» **Exercise description**:
Your answer must be only the lines below from the one containing "이 그래프에 따르면, 함수" through the one containing "Nous sommes dans", copied exactly, with the pictures left out.

Start of Input

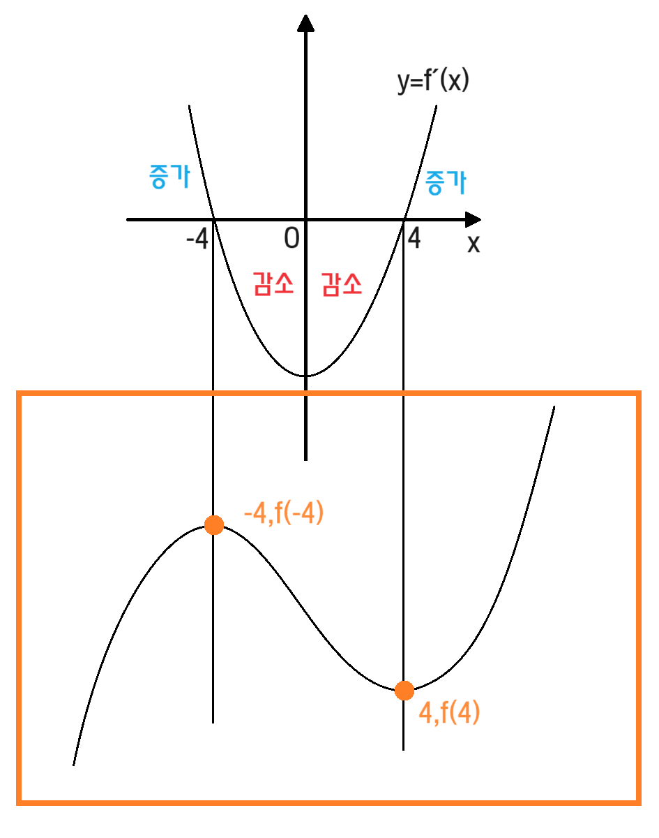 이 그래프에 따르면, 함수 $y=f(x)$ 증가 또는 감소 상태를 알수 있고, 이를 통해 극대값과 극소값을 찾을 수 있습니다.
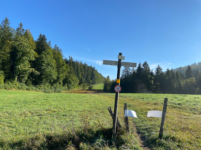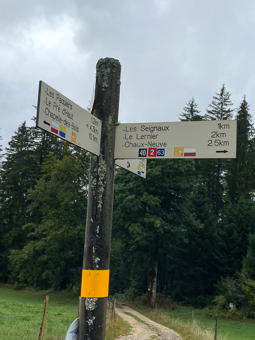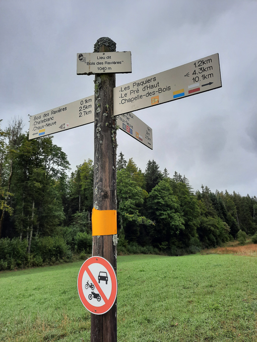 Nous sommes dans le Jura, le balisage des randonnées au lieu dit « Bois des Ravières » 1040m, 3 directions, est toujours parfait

End of Input
Start of Input

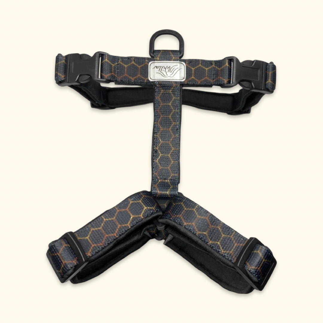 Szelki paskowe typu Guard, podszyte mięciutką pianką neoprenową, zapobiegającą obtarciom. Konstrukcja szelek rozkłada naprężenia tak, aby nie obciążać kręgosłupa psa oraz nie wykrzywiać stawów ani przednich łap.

End of Input
Start of Input

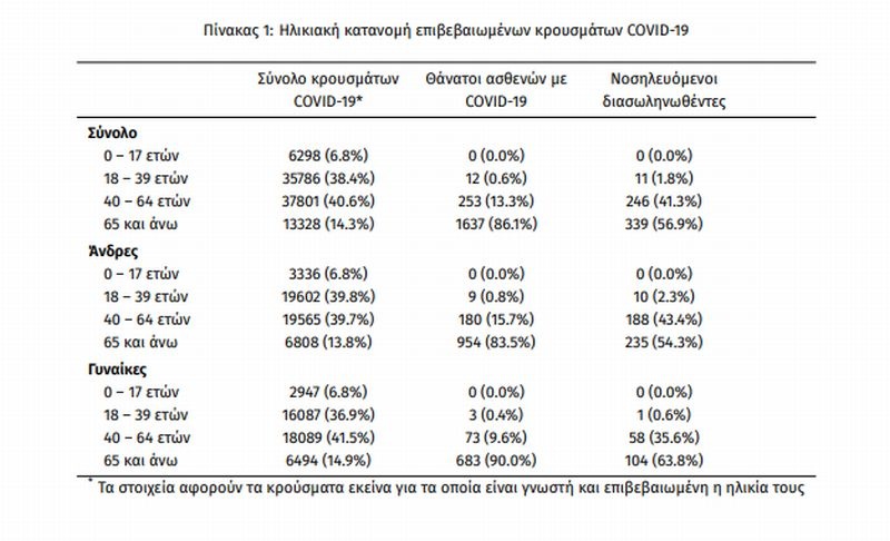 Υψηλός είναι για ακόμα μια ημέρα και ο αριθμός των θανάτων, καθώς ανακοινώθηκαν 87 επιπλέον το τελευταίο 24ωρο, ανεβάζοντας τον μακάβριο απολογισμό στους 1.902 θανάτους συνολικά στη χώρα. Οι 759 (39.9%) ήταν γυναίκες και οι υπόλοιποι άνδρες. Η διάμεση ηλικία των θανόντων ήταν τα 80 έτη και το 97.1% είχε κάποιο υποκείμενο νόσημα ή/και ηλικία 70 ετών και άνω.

End of Input

» **Exercise result**:
 이 그래프에 따르면, 함수 $y=f(x)$ 증가 또는 감소 상태를 알수 있고, 이를 통해 극대값과 극소값을 찾을 수 있습니다.
 Nous sommes dans le Jura, le balisage des randonnées au lieu dit « Bois des Ravières » 1040m, 3 directions, est toujours parfait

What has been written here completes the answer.